Joan Seguí Mercadal has been spreading the word a long time, and rightly so. Disciple of J. M. Mas Bonet, O. Candendo and J. de la Rubia, this young organist of Menorcan descent trained in the Escolanía de Montserrat has an undeniable talent. This was assessed by the jury that last May honored him with the Distinction in his final-year recital at the Blancafort organ of the basilica where, as a child, he had sung in so many services.
Seguí recovered one of the works he performed at his final recital: Fantasie und Fuge über den Choral "Ad nos, ad salutarem undam" by Franz Liszt. The bet was all or nothing, playing a single card, as it presented a unique work that went hand-in-hand with the Walcker instrument of Palau, a prototype of a romantic organ.

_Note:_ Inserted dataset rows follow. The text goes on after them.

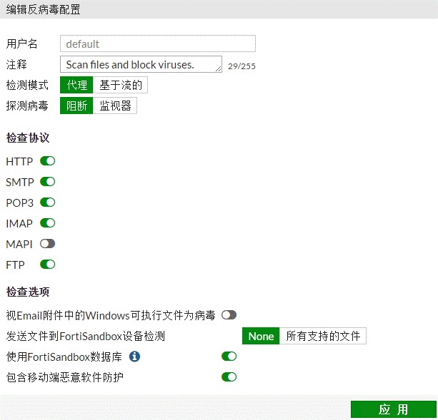 FortiGate支持基本病毒庫和擴展病毒庫,用戶可以針對不同協(xié)議開啟不同級別的安全保護(hù),在安全和性能之間進(jìn)行良好的平衡。
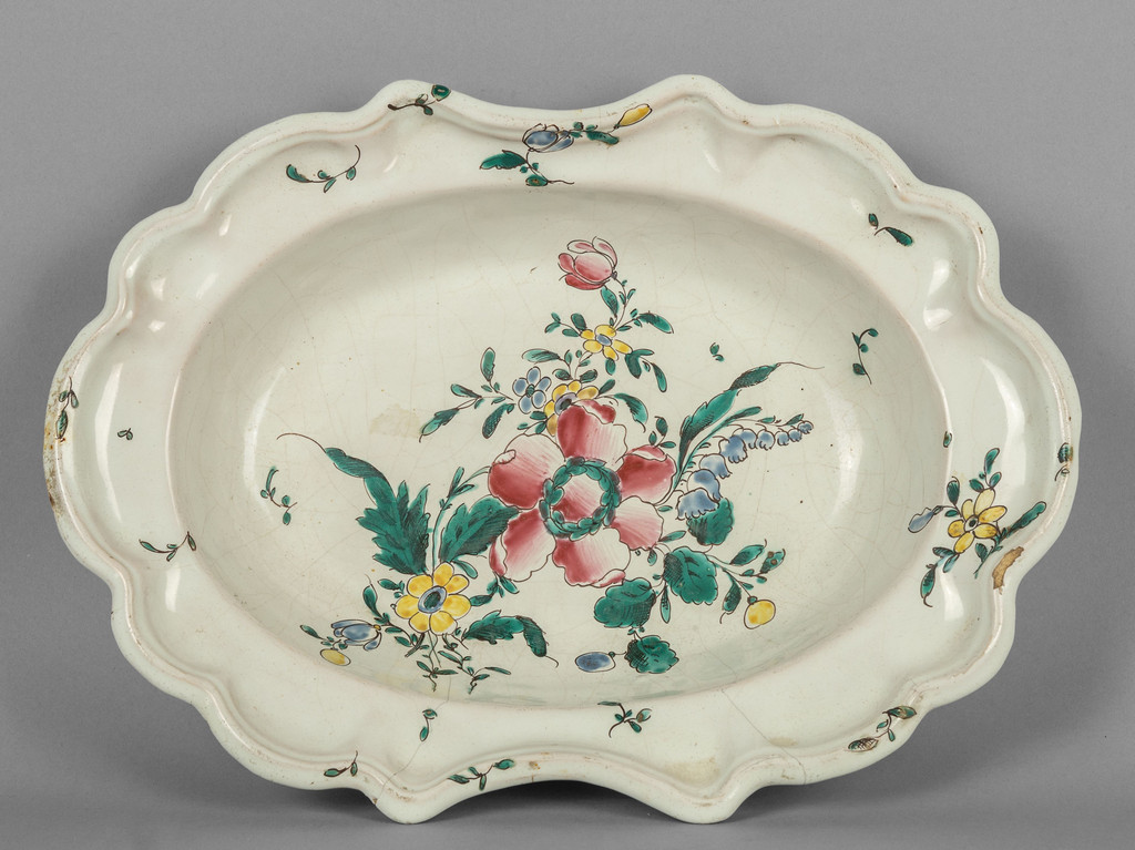 Bacile da barba in maiolica con fiori in policromia manifattura Boselli Savona sec.XVIII
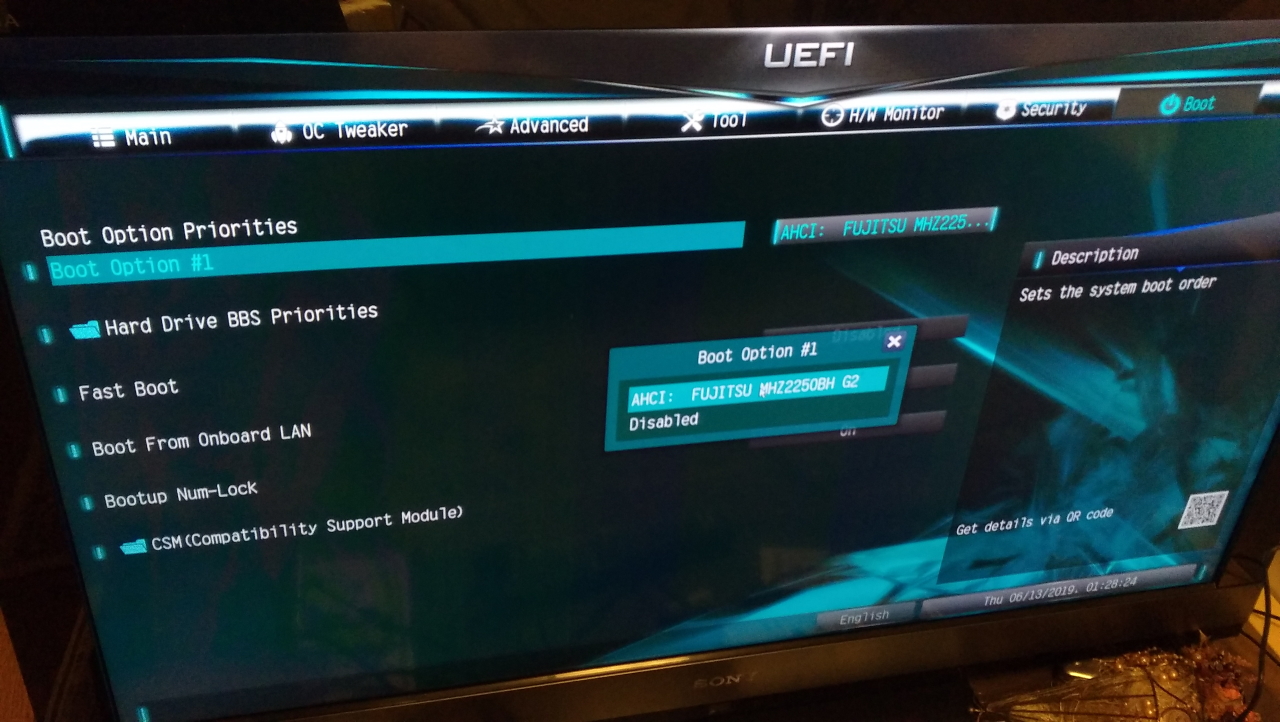 さて、基本的な組み立てが終わりこれまで使っていたUbuntuを起動しようとUEFIの設定画面を見ても、Ubuntuが入っているはずのディスクがブート対象のドライブとして見つかりません。
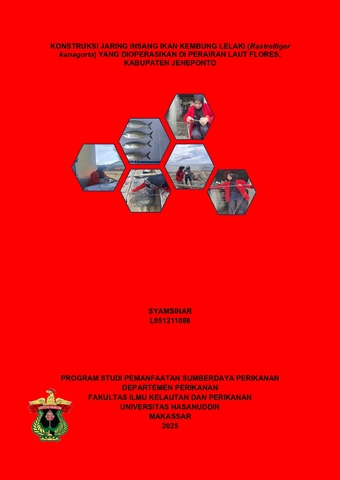 ABSTRAK SYAMSINAR, L051211088. Konstruksi Jaring Insang Ikan Kembung Lelaki (Rastrelliger kanagurta) yang dioperasikan di Perairan Laut Flores, Kabupaten Jeneponto (Mahfud Palo). Latar belakang. Salah satu alat tangkap yang beroperasi di Perairan Laut Flores, Kabupaten Jeneponto adalah jaring insang. Tujuan. Penelitian ini bertujuan untuk mendeskripsikan konstruksi jaring insang Ikan kembung yang digunakan oleh nelayan di perairan Kabupaten Jeneponto, serta dapat mendeskripsikan jenis ikan kembung yang tertangkap di perairan Kabupaten Jeneponto. Metode. Metode yang digunakan dalam penelitian ini adalah studi kasus pada alat tangkap jaring insang ikan kembung dimana metode ini digunakan untuk mengetahui konstruksi dari alat tangkap tersebut. Pengambilan data dilakukan dengan cara mengikuti pengoperasian penangkapan jaring insang secara langsung untuk mengetahui jenis ikan kembung yang tertangkap, melakukan wawancara dengan nelayan mengenai konstruksi jaring insang, serta mengambil satu unit jaring insang untuk melakukan pengukuran terhadap setiap komponen- komponen dan bagian dari alat tangkap tersebut. Hasil. Jaring insang ikan kembung yang dioperasikan di perairan Kabupaten Jeneponto memiliki konstruksi yakni terdiri dari 52 buah pelampung dengan jarak antar pelampung 85 cm, jumlah mata antar pelampung 35 mata, jumlah pemberat 455 buah dengan jarak antar pemberat 10 cm, jumlah mata antar pemberat 4 mata, panjang tali ris atas 43 m dan tali ris bawah 45 m yang terbuat dari bahan polyethlene, panjang badan jaring 43 m dan lebar 1,2 m, jumlah mata jaring keseluruhan 1820 mata. Nilai shortening bagian atas jaring 37,5%, sedangkan bagian bawah jaring 34,5%, kedalaman jaring mencapai 1,04 m, memiliki gaya apung sebesar 0,4596 kgf, sedangkan gaya tenggelamnya mencapai 0.462 kgf. Kesimpulan. Kesimpulan penelitian ini menunjukan bahwa hasil tangkapan utama jaring insang adalah ikan kembung lelaki (Rastrelliger kanagurta).

The thirty-five minutes of the Lisztian work, enormous, shone in the hands of Seguí, with a serene, fluid approach and -something not easy- easy. With an accurate recording, Seguí explored the sound limits of the instrument, with beautiful and almost inaudible interni (that sounded like a distant angelic choir) and majestic plenums, in a game of deep organic contrasts -and pardon for the double meaning. No tiny finger twister in the most mischievous figurations took away aplomb and grandiosity to the interpretation of Seguí, who had the success to present Liszt with transparency and honesty and emptying it of recharged grandiloquence.